I love the Yaddo. A quintessentially Saratoga race, it’s named for the artists’ colony that lies just east of the track, so close that residents can (allegedly) hear the race calls. While the mansion is off limits to the public, visitors can wander the grounds and the gardens free of charge. I’ve whiled away many a sunny afternoon there with a book.
The Yaddo Handicap did all it could last year to ruin every positive association I have with Yaddo the artists’ colony. One of my favorite mares, Sabellina, was entered, running while in foal to Pulpit; she’d won the race in 2004 and was second in 2006, and she was a sentimental choice, though she hadn’t been in form in some time and I knew that the bet was ill-advised. Shortly before the race, I was invited to the paddock, and knowing that it was likely her last race, I surrendered some last-minute handicapping time for this opportunity, and I bet the race with about twenty-five minutes to post. There were a lot of horses in the race that I liked, and having been on a dreadful losing streak last year, I needed to economize on my betting, so at the last moment I threw out Latitude Forty, a filly I liked a lot and who was being ridden by Kent Desormeaux, virtually unbeatable last summer.
Watching the race from the clubhouse apron, I craned my neck to catch a glimpse of Sabellina; unfortunately, I didn’t see her, and instead saw Latitude Forty come up to kill my exacta (my horses ran 2 – 3); Latitude Forty went off at 23-1 and paid $48 to win; the exacta paid $277. No, I am clearly still not over it.
But do I learn? Noooooooooo. I was smart enough to use Latitude Forty in exactas today—at measly 4 – 1 in a five-horse field, no juicy double-digits odds—but I didn’t bet her to win, so for the second year in a row, I am grumpy about the Yaddo, and it’s all Latitude Forty’s fault.

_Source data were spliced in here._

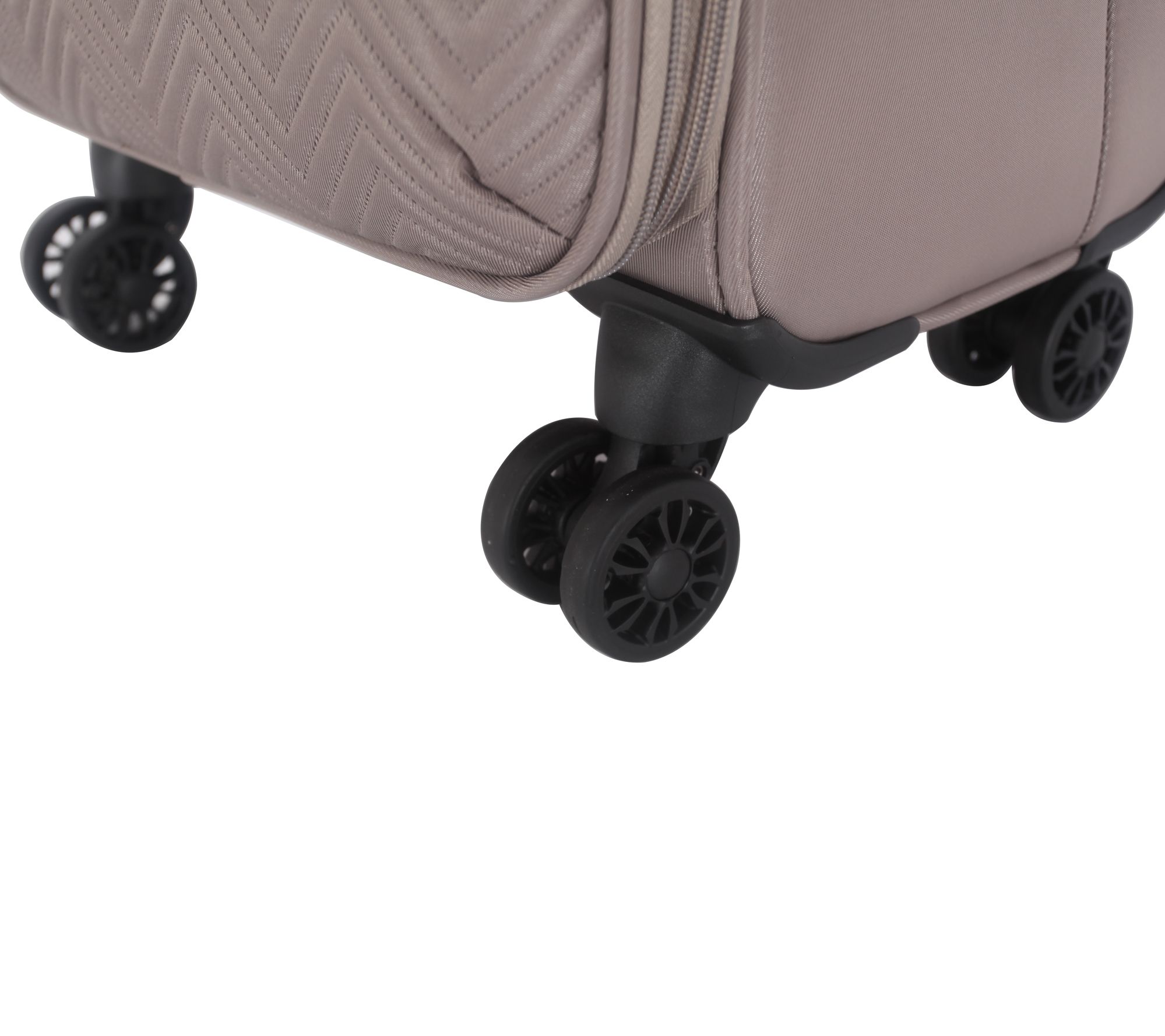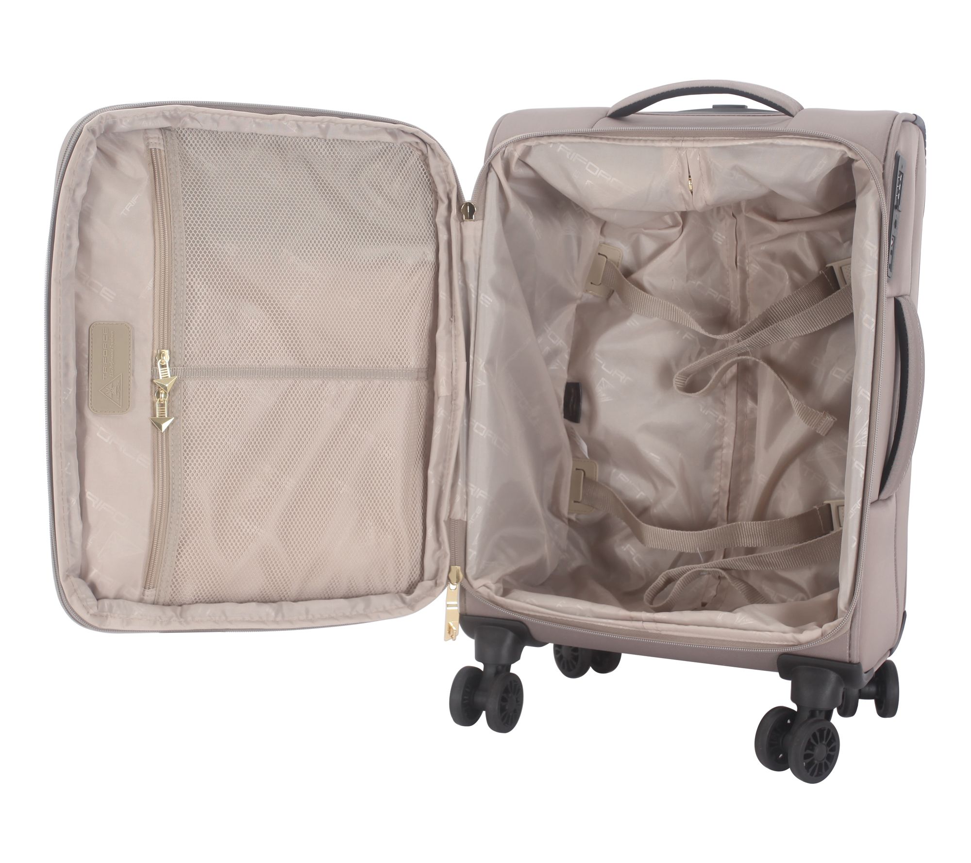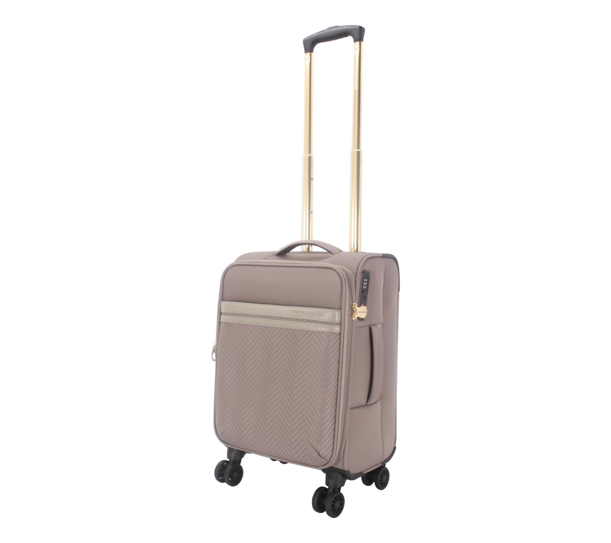 From departure to arrival, you'll stay well organized with this stylish softside carry-on from Triforce. Featuring a modern chevron or houndstooth design, this lightweight yet sturdy travel companion glides along gleaming with goldtone hardware. Overbought while souvenir shopping? With an expandable interior, you can pack more of your personals for the return trip. And, when it's time for "wheels up," you've got eight spinner wheels to get you quickly to your gate. Now, where to? From Triforce.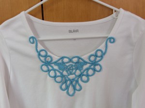 The next photo is of the same idea, only this time I created a Romanian point lace design for both hat and neckline.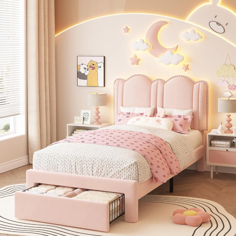 Upholstered in soft, skin-friendly velvet fabric, this twin bed frame blends elegance with comfort. The fabric subtly changes color under different lighting, adding a touch of sophistication to your child's room while ensuring a cozy sleep experience.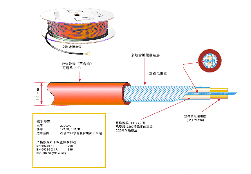 環(huán)瑞最新研發(fā)3.7毫米直徑的雙導電地熱線-新型發(fā)熱電纜,可滿足5毫米-100毫米不同覆蓋厚度設計。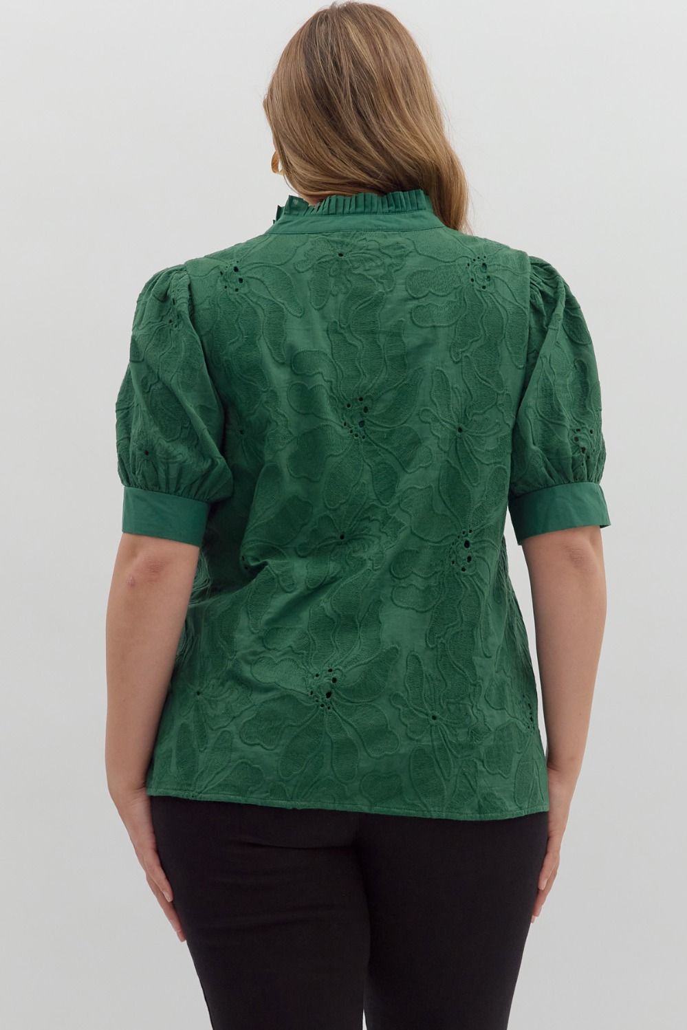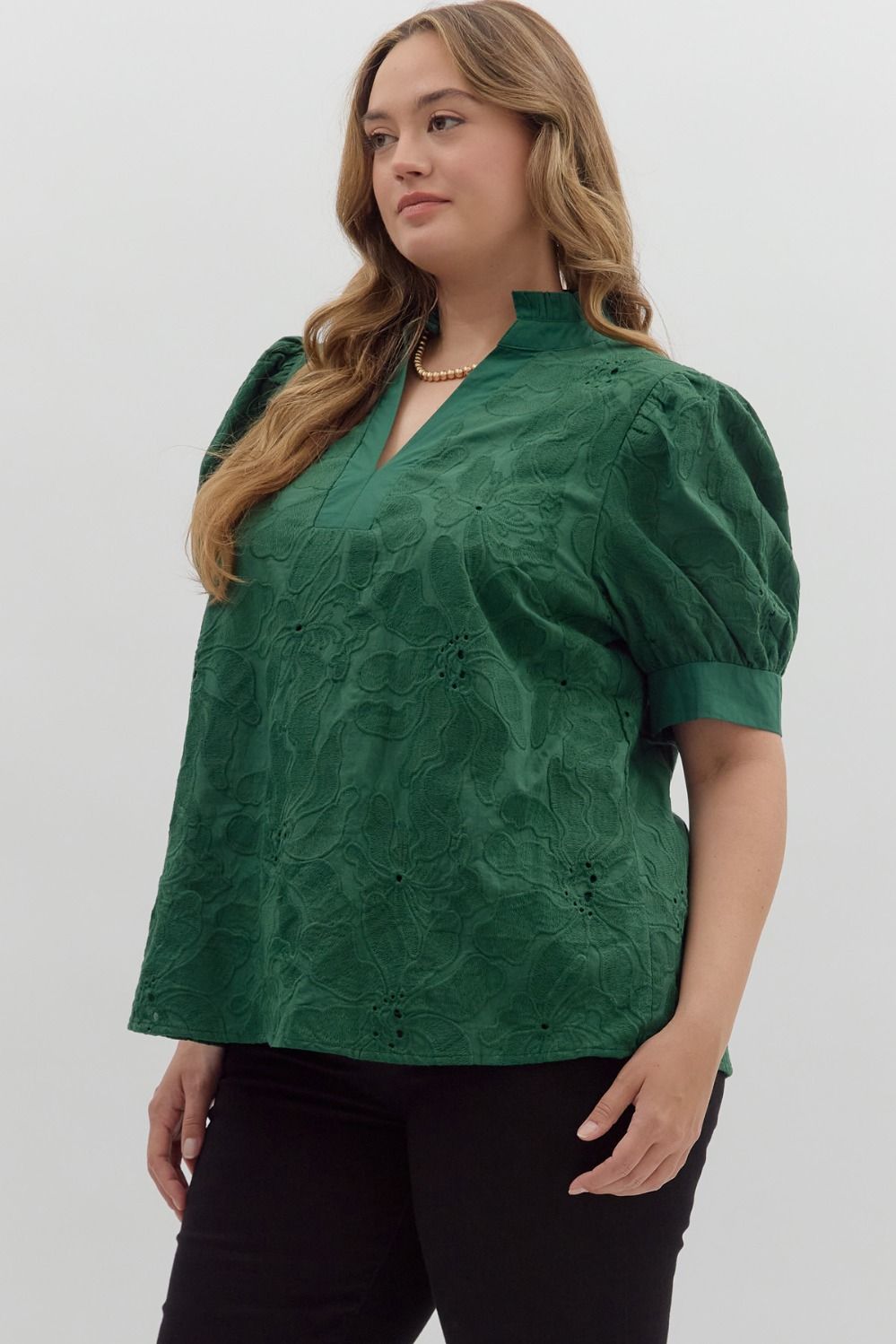 Floral embroidered short puff sleeve pullover top featuring pleated band collar split V-neck. Lined. Woven. Non-sheer. Lightweight.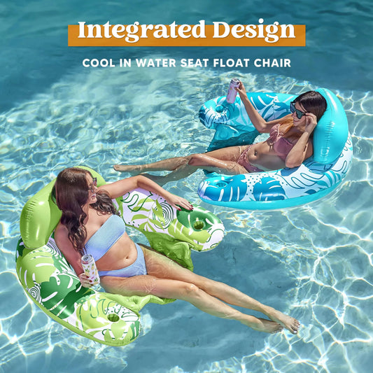 Syncfun 2 Packs Inflatable Pool Chair Float for Kids & Adults, Pool Floaties with 2 Cup Holder, Pool Loungers for Pool Lake Travel Beach
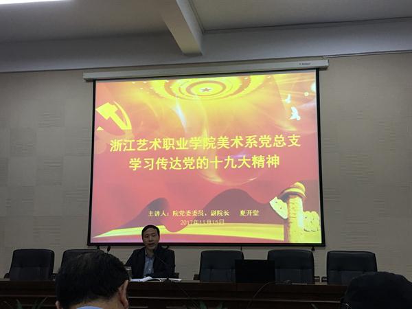 报告最后,夏开堂就开展十九大学习活动提出了几点意见。一是学习十九大精神是当前首要任务和头等大事,学院即将下发十九大学习实施方案,党总支要制定计划、落实学习,把贯彻学习十九大精神放在首要位置;二是要系统全面地把握十九大精神,通过精读十九大原文、召开座谈会的形式进行学习体会的交流探讨;三是要切实使用十九大精神和思想武装头脑,指导实践,推进工作;四是要切实紧密联系工作实际,结合“两学一做”常态化制度化学习教育,服务地方、服务社会,创好农村文化礼堂建设。他表示,作为艺术类院校,我们要积极创作艺术作品,讴歌党的十八大以来取得的方方面面的成就,党政领导要发挥引领作用,指导师生进行创作,通过作品宣传和贯彻十九大精神,配合省文化厅的部署要求,完成文化浙江和文化强省的战略任务。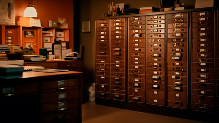 Record keeping and archiving, cabinet of folders in room. Generative AI illustrator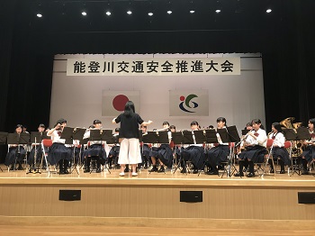 大会の最後に、アトラクションとして本校吹奏楽部が演奏を披露してくれました。いつもどおりの素晴らしい演奏でした。吹奏楽部は、地域のさまざまな行事に引っ張りだこです。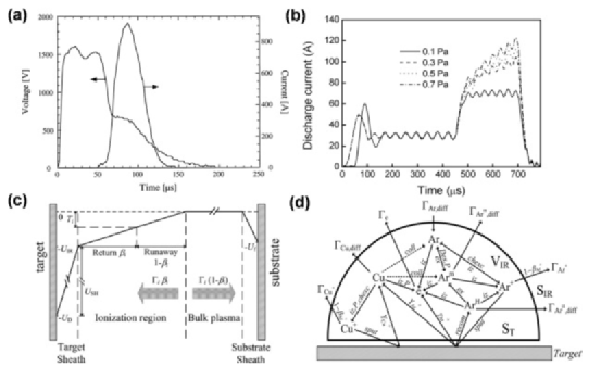 图3 (a)用于铜涂层沉积的HiPIMS和(b)MPPMS脉冲形状,(c)靶材和基板之间的MPPMS等离子体放电,包括靶鞘,电离区,体等离子体和基板鞘,以及电势分布和离子返回和失控的可能性(d)。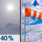 Temperature: 40°F Wind Speed: 14 mph Wind Direction: NW Forecast: Mostly sunny, with a high near 40. Northwest wind around 14 mph, with gusts as high as 31 mph. |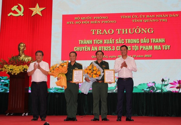 VOVVN - VOV.VN - Sáng nay (9/10), tại Ban Chỉ huy Bộ đội Biên phòng tỉnh Quảng Trị, Bộ Tư lệnh Bộ đội Biên phòng tổ chức trao thưởng ban chuyên án đấu tranh, bắt giữ các...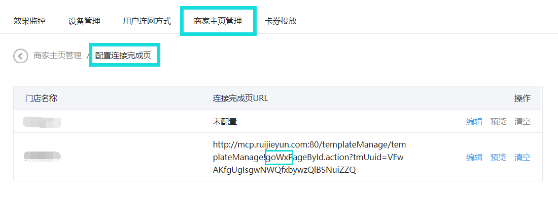 详细配置,参考:【04 快速配置】——【02 微信连WiFi认证】——【02 微信公众平台配置】——【03 门店小程序方法配置】——【04 微信广告配置】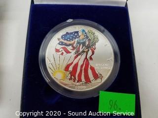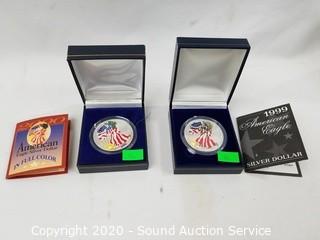 Lot #0096: 2 Painted American Eagle 1oz .999 Silver Dollars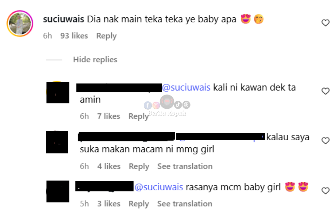 ” Happy for you mummy.. Makan la mummy smoga yg baik2 shj utk u n baby.. Tahniah mummy n take care.. “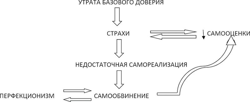 Самообвинение и страхи ведут к перфекционизму в виде завышенных требований к самому себе. Самообвинение еще больше снижает самооценку.
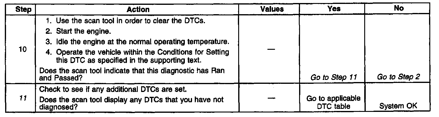 11. If no malfunctions are present at this point and no additional DTCs were set, refer to Diagnostic Aids for additional checks and information.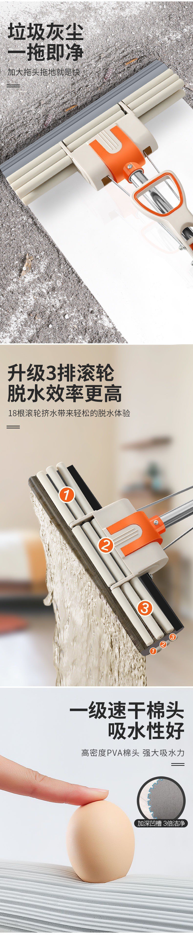 스펀지 걸레, 콜로디온 물 압착 걸레 롤러, 초흡수성, 손세탁 가능, 가정용 대형, 내구성이 뛰어나고 튼튼한 걸레
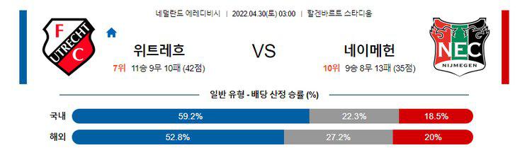 위트레흐트의 승리 가능성이 높다. 네이메헌이 상위권 팀의 공세를 버티지 못하는 경우가 잦다. 다양한 공격 루트를 가진 위트레흐트가 충분히 공략 가능한 상대다. 다만 위트레흐트의 약점인 뒷공간 공략으로 한골 정도의 실점은 충분히 가능한 시나리오. 오버(2.5)와 홈승을 예측할 수 있는 매치다.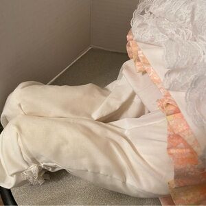 Porcelain Petticoat Realistic Face Hands Blonde & Blue Eyes Fair Skin Baby Doll. Vintage Porcelain Face & Hands Blonde And Blue Eyes Petticoat Baby Doll. The porcelain face has light rosy cheeks, matching lip color, blonde realistic eyelashes, natural blue eye color and blonde eyebrows. Porcelain hands has pinkish nails as the color. No hair on the head, outfit is a head bonnet, traditional long sleeve peach print dress, white petticoat outer dress with matching pull on leggings. Material is cotton. Face is realistic like a rebirth doll. Body and legs are sufficiently stuffed with beads that can be felt by touch. Body length is 21’ inches and from arm to arm 12’ inches. Little discoloration on one of the hands as pictured but overall In good condition.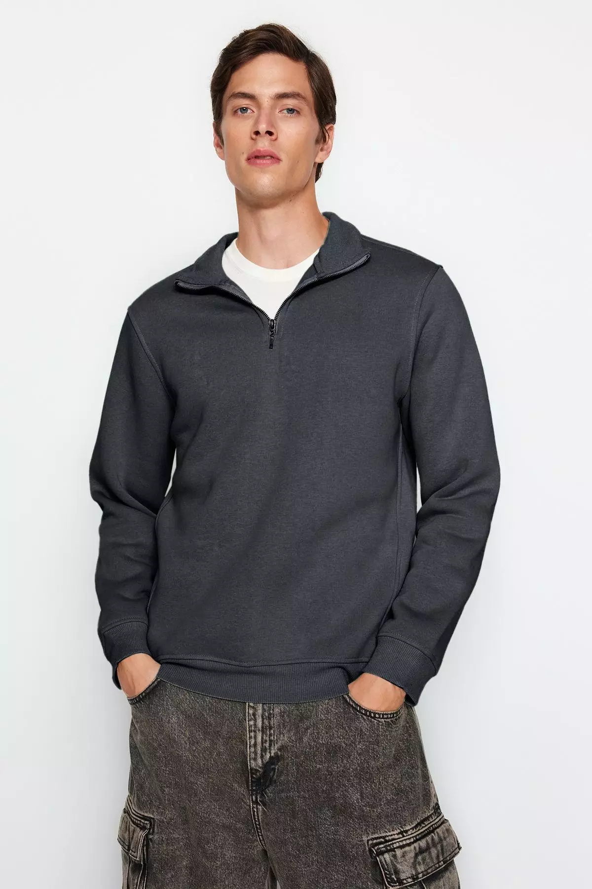 TrendyolAnthracite Regular/Normal Cut Stand Collar Zippered Warm Basic Sweatshirt TMNAW24SW00041249.00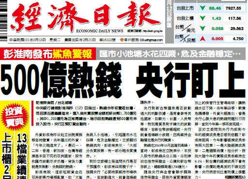中央銀行總裁彭淮南昨(12)日指出,熱錢今年初重返台灣,而且現在還繼續進來。匯入後未買股票金額約新台幣1,700億元,其中1,200億元為正常周轉金。暗示目前熱錢還有500億元未投入股市,央行正緊盯資金動向。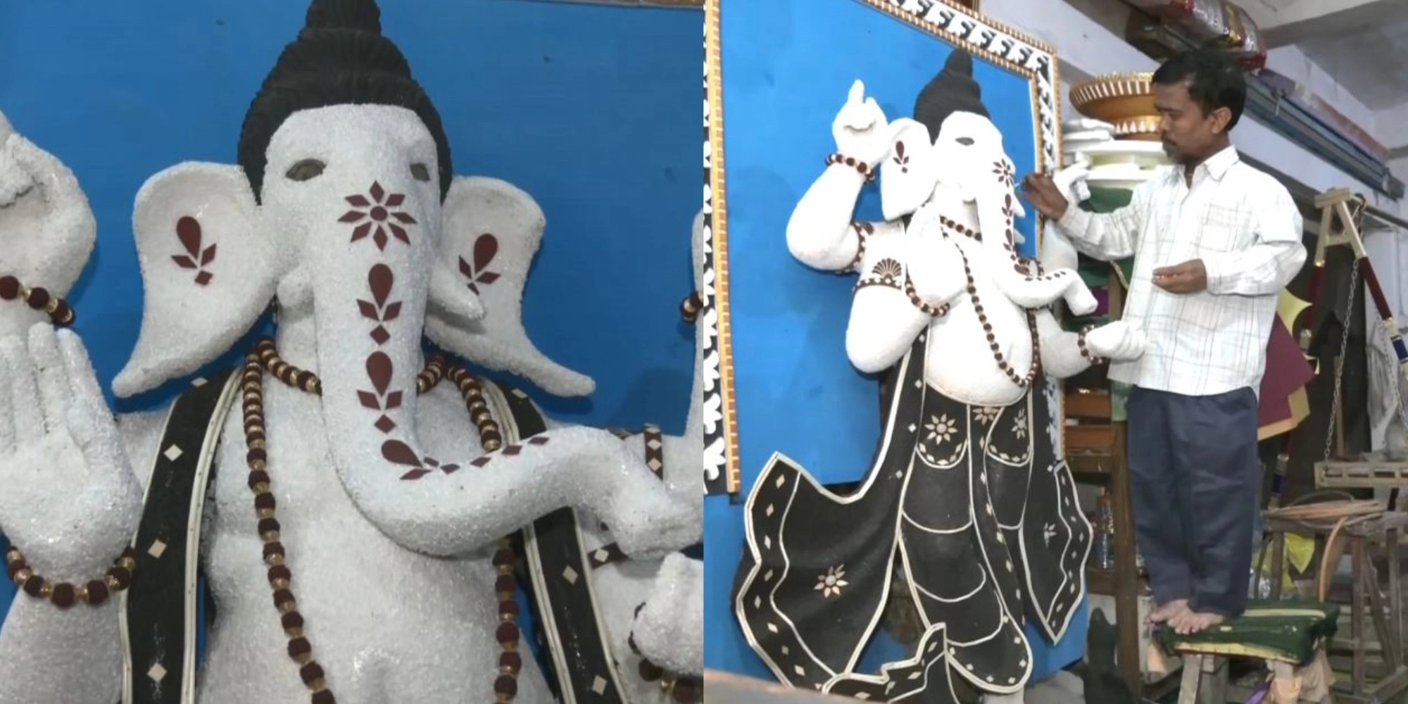 In Bhopal, to save the environment, an artisan is preparing Ganesh idols from sago and black pepper seeds, making it 100 per cent eco-friendly as no colour is used in it.
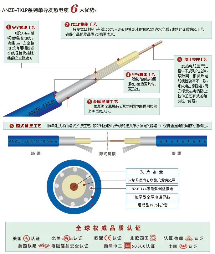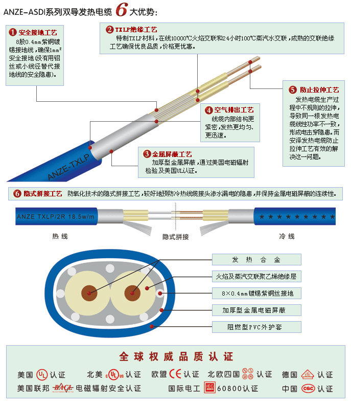 注:电工发热电缆设计电压为:220V,标准长度为发热区尺寸,导线尺寸为2.25M,印字参见示例3300W。示例:ANZE LS TXLP/1 Nom 14.7 ohm 3300 w - 17w/m @ 220VAC 10/2003 AZV02173300 CE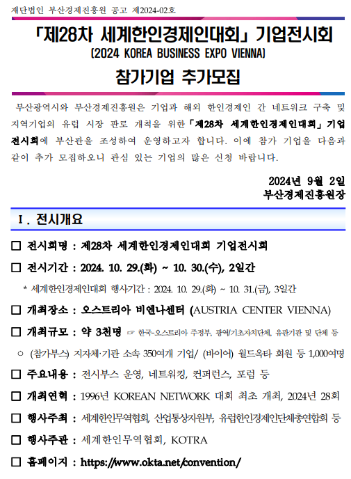 '제28차 세계한인경제인대회 기업전시회' 추가모집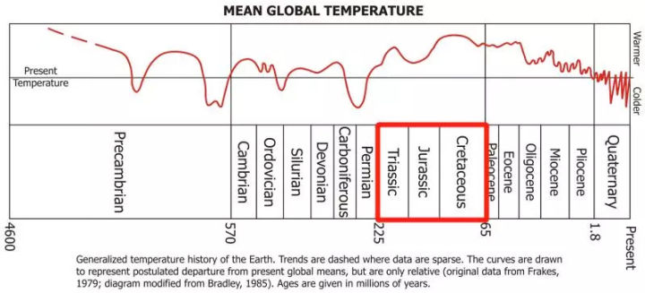 但很遺憾,恐龍所生活的三疊紀、侏羅紀、白堊紀三個地質時期幾乎是地球溫度最高的時期。

Sabellina was sold in foal to Woodford Thoroughbreds at Keeneland last November, bringing $550,000. I’ve searched in vain for information about her foal, but so far—nothing. Perhaps someone out there can fill us in? Below are a couple of photos from last summer, during morning training and in the paddock before the Yaddo:
In other filly news, on July 6th Cordilleran Ice ran third in an allowance race at Belmont; she’s not a filly I’ve followed, but I was charmed by Ed Fountaine’s account in the New York Post the next day:
FIRST RACE: In field of NY-bred fillies and mares going mile on Widener course,
Cordilleran Ice, 3-1 under Channing Hill, emerged from pack to set pace down
backside, stalked outside by Western Slang, Edgar Prado up. Around far turn,
Western Slang made her bid, little Cordilleran Ice dug in and fought back to
deep stretch, but she had little hope of holding off Western Slang, who appeared
to be twice her size.
His description of “little Cordilleran Ice” brought to life a report of a fairly non-descript Sunday afternoon race and put another horse on my radar screen. Corderilleran Ice raced yesterday, and though well-beaten after a bad break, she’s had some good finishes lately and I love the idea of this little filly fighting back against horses bigger than she. Into the watch list she goes…
Finally, tonight is the annual softball game between the jockeys and the New York State Police, held at the East Side Rec Center to benefit the Disabled Jockeys Fund and the Catie Hoch Foundation, which helps children while they are in treatment for cancer. Cost is $5 per person or $20 per family; gates open at 5:30 and race fan and clubhouse denizen Bill Parcells will throw out the ceremonial first pitch at 6:30. The game is scheduled to start at 7:00. It’s been pouring pretty much all night, though, so I have to wonder whether this will be the second cancelled charity softball game of the Saratoga season.